Good to hear from you again! I gave a lot of thought to this change, and I didn't want to do it so close to the final release, but I was busy fixing other complex bugs.

From the source code point of view, things are almost exactly as before: I just changed the dialog's default to "current interpreter" and added a checkbox to let the user decide between the old and the new behavior, so the bug you mention was most probably there before.

Experienced or old time users can mark the mentioned checkbox and things for them will be as they always have been. But newbies (as Uwe mentions) will have a much easier and pleasant time with Spyder without being confronted with a complex set of options from the start.

I hope you understand my motivation: my aim is to lead Spyder to a wider audience, i.e. people who is learning or giving their first steps with Python, but maintaining all the configurability and adaptability it currently has.

I'll work hard to solve any bugs that show up (starting with yours :-) and time will tell if I took the right decision or not.

Cheers,
Carlos

El 28/04/13 07:58, Pierre Raybaut escribió:
Carlos,

I'm quite busy these days and I've just played around with latest Spyder revision, just to fix Issue 1363 (for which you asked for my help). Doing so, I've been confronted to this new behavior of the 'Run configuration' dialog which has been renamed to 'Run settings' (why not). First, I find it very risky to introduce a change of behavior of this magnitude at this stage of 2.2 release process (Release Candidate). Second, I was confronted in less than 5 minutes to a bug (an unexpected behavior actually) related to this change: when executing a program which kills the Python process (hard crash or a simple call to sys.exit), Spyder seems to be unresponsive and unable to re-run it as the current interpreter has been terminated... So, that's how I've discovered this new behavior, a quite unpleasant experience.
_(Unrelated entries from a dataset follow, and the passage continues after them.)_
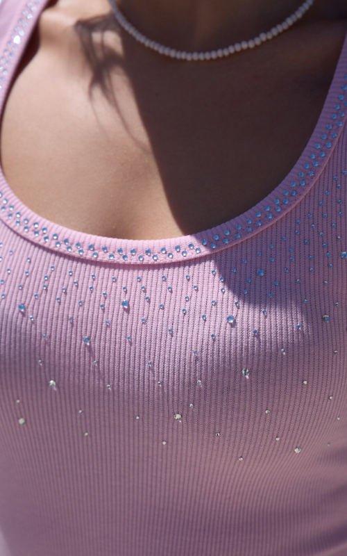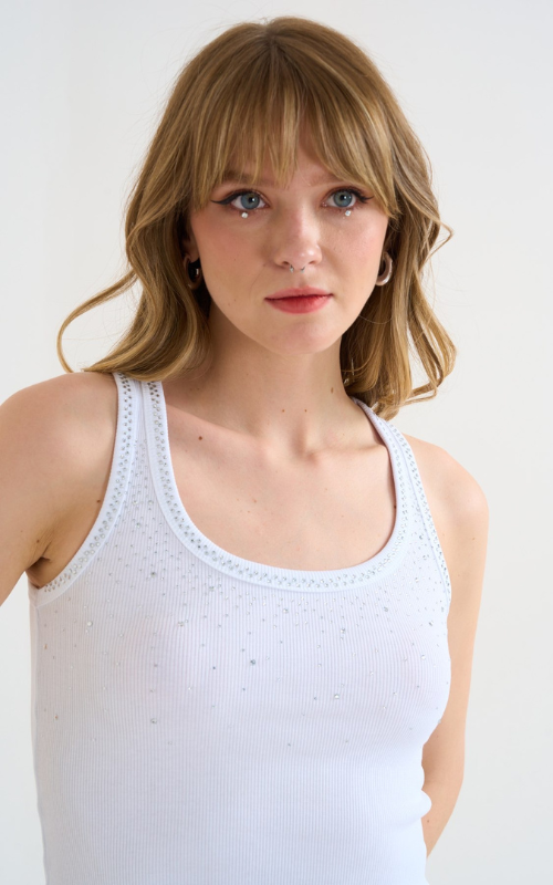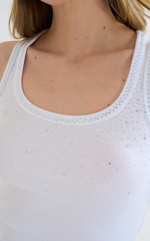 Our Crystal Top is a must-have fitted ribbed tank top featuring delicate crystal embellishments and a scoop necklline – perfect for adding sparkle to casual looks.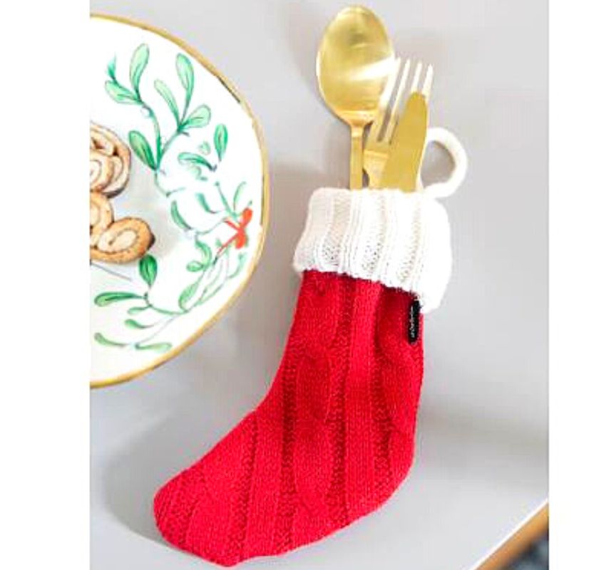 Duka ett mysigt julbord och lägg besticken i den söta och mjuka strumpa vid varje tallrik eller kuvert.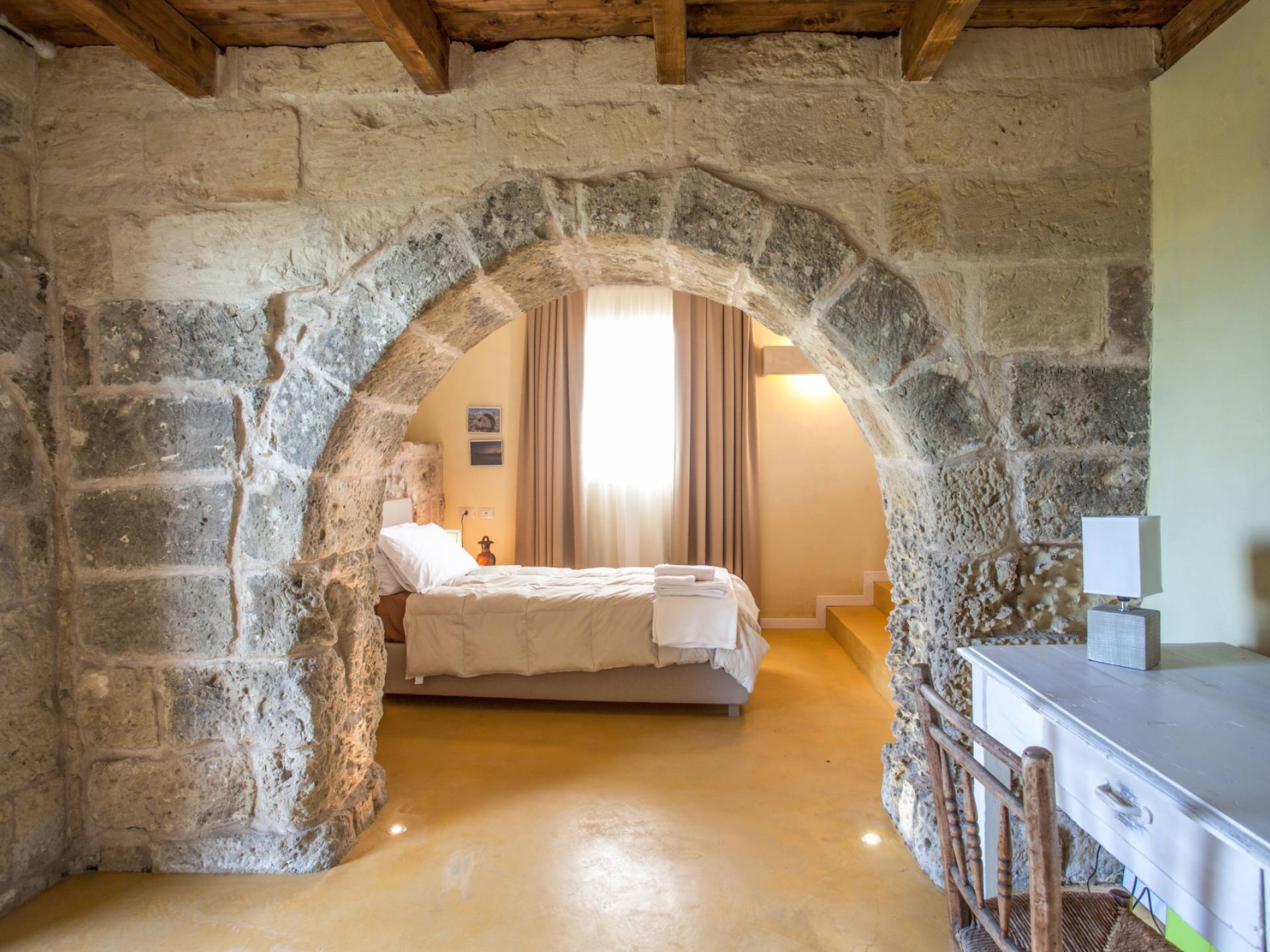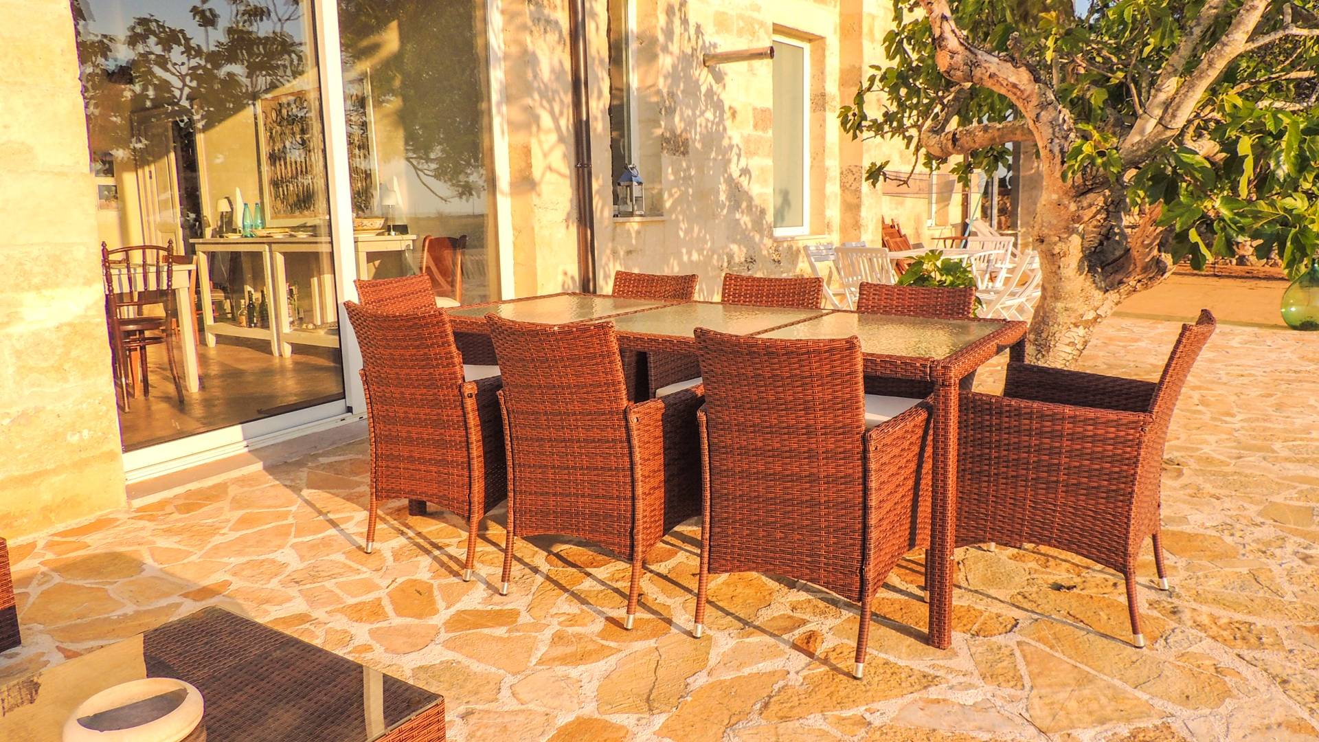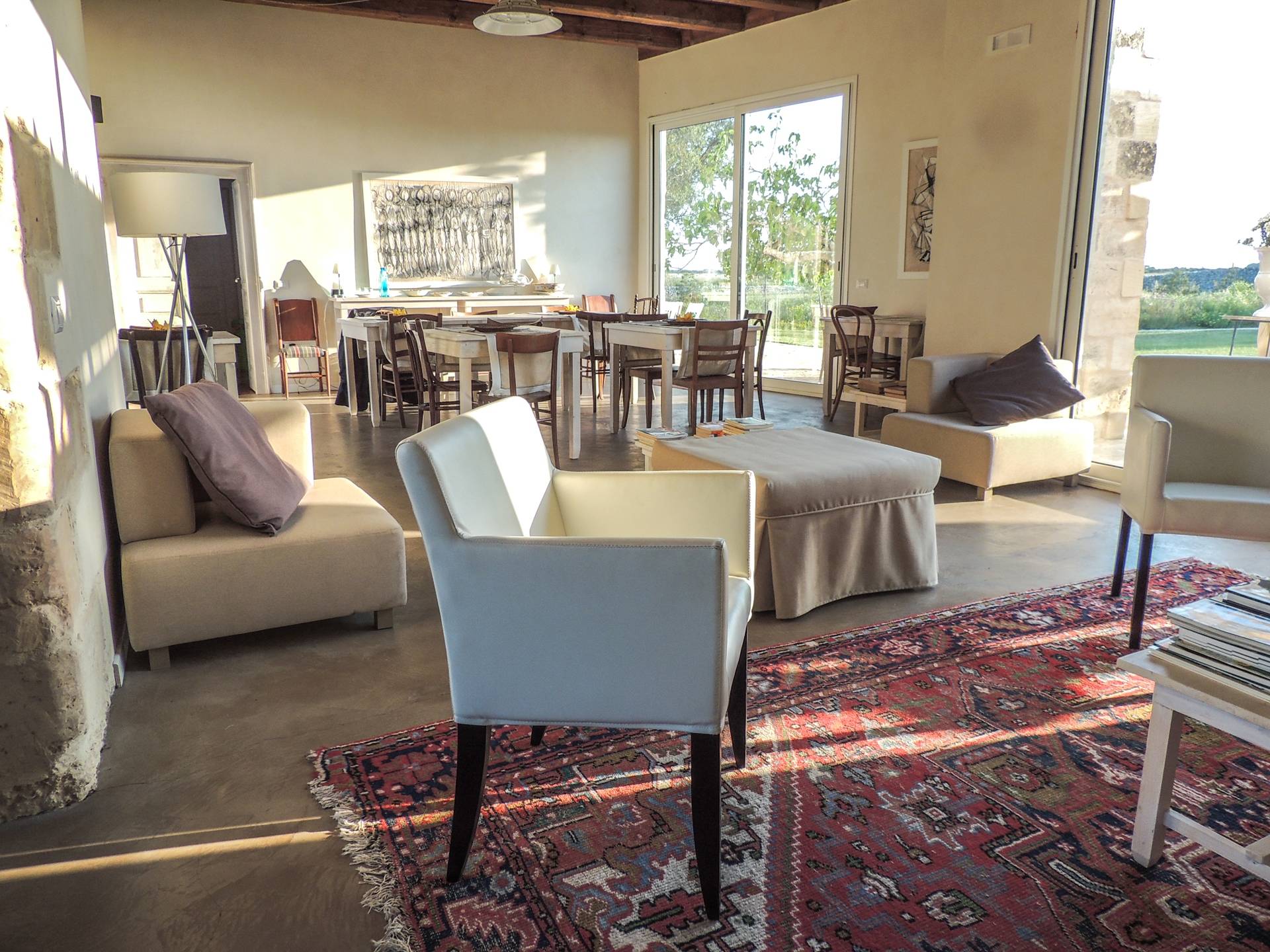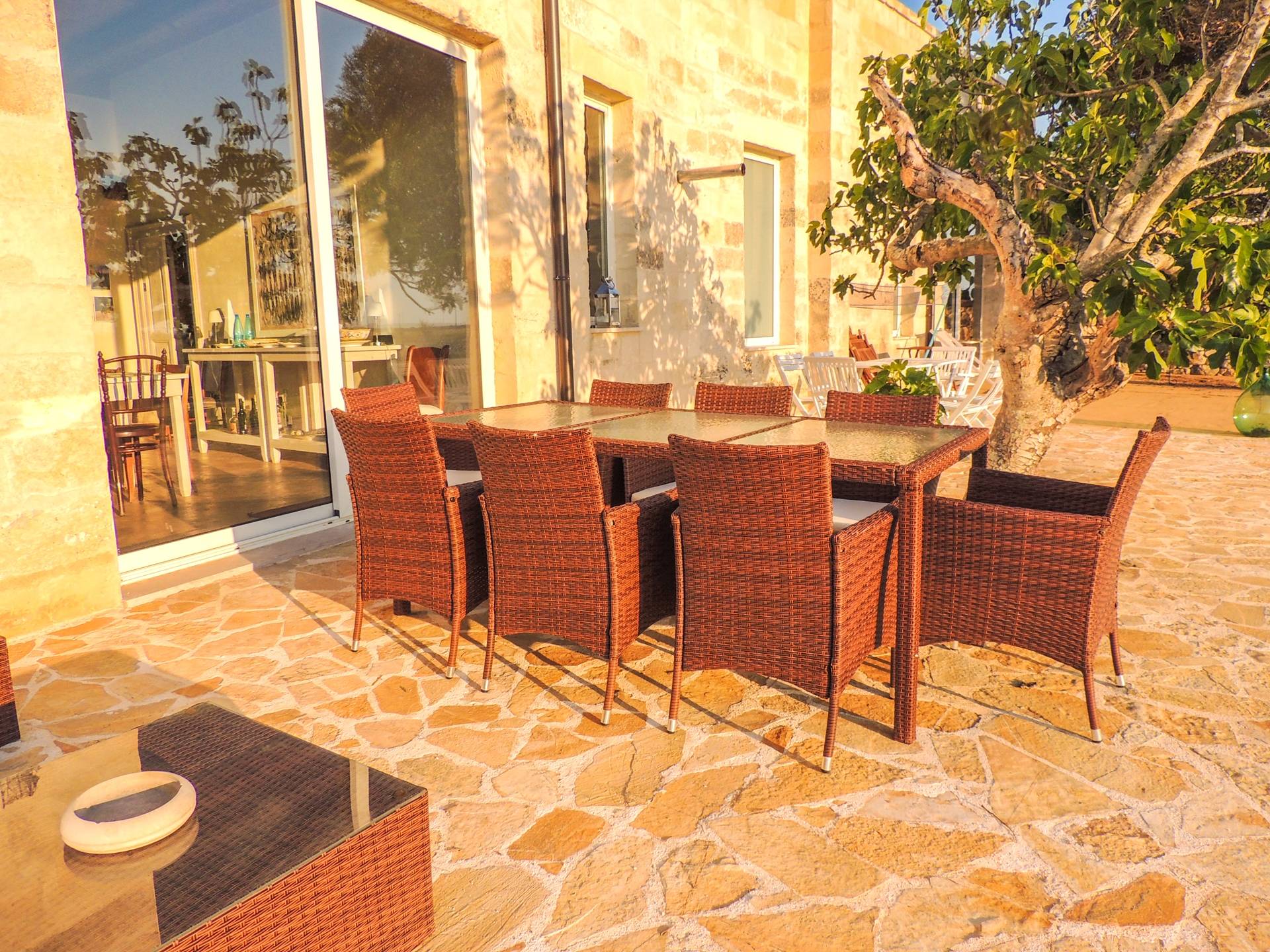 Μπορεί να φιλοξενήσει έως και 18 άτομα σε 6 δωμάτια με μπάνιο, η δομή είναι άνετη και πολύ φωτεινή. Τα μεγάλα παράθυρα που ανοίγουν στην εσωτερική αυλή θα σας επιτρέψουν να απολαύσετε τους πραγματικά απεριόριστους εσωτερικούς και εξωτερικούς χώρους. Θα έχετε στη διάθεσή σας ένα ευρύχωρο σαλόνι με τραπέζια και καρέκλες αλλά και ένα σαλόνι με καναπέδες και τηλεόραση έτοιμο να σας υποδεχτεί στο σπίτι. Από αυτό το δωμάτιο υπάρχει πρόσβαση σε μια ευρύχωρη πλήρως εξοπλισμένη κουζίνα.

I really think that such changes should have been introduced at an early stage of development, not just before releasing the final 2.2.

Cheers,
Pierre


2013/4/27 Carlos Córdoba <[email protected] <mailto:[email protected]>>

    I made the change so that after pressing F5 on new files, they
    always be evaluated in the current interpreter (Python or
    IPython). I just checked that it's working as I designed it (on
    Windows and Linux), i.e. If you press F5 again, then the file will
    be ran again in the selected console with the "runfile" function.

    I did it because I saw (in my courses and workshops) that people
    gets easily confused with the "Run dialog" and don't know what
    option to select. Besides, now that we have a very good IPython
    integration, I expect most people will take advantage of it and
    won't need the "Execute in a new dedicated python interpreter" option.

    However, if you want to get back the old behavior, you can mark
    the checkbox at the end of the dialog that reads:

    "Always open this dialog on a first file run".

    Cheers,
    Carlos

    El 26/04/13 17:04, Steve escribió:

        I saw some commits in the change log recently related to the
        Run Settings.  One of the changes leads to unexpected behavior.

        It appears the default interpreter option changed.  I just
        rolled back to an old commit to confirm.  The radio button for
        "Execute in a new dedicated python interpreter" used to be
        selected by default.  The new default is "Execute in current
        Python or IPython interpreter" is checked.  Because of this
        new default setting after the initial run (F5) additional
        presses of F5 do nothing.  I finally figured this out by
        realizing it was new files and it must have to do with the run
        config for new files versus files I had previously debugged.
         I think don't think new behavior is optimal.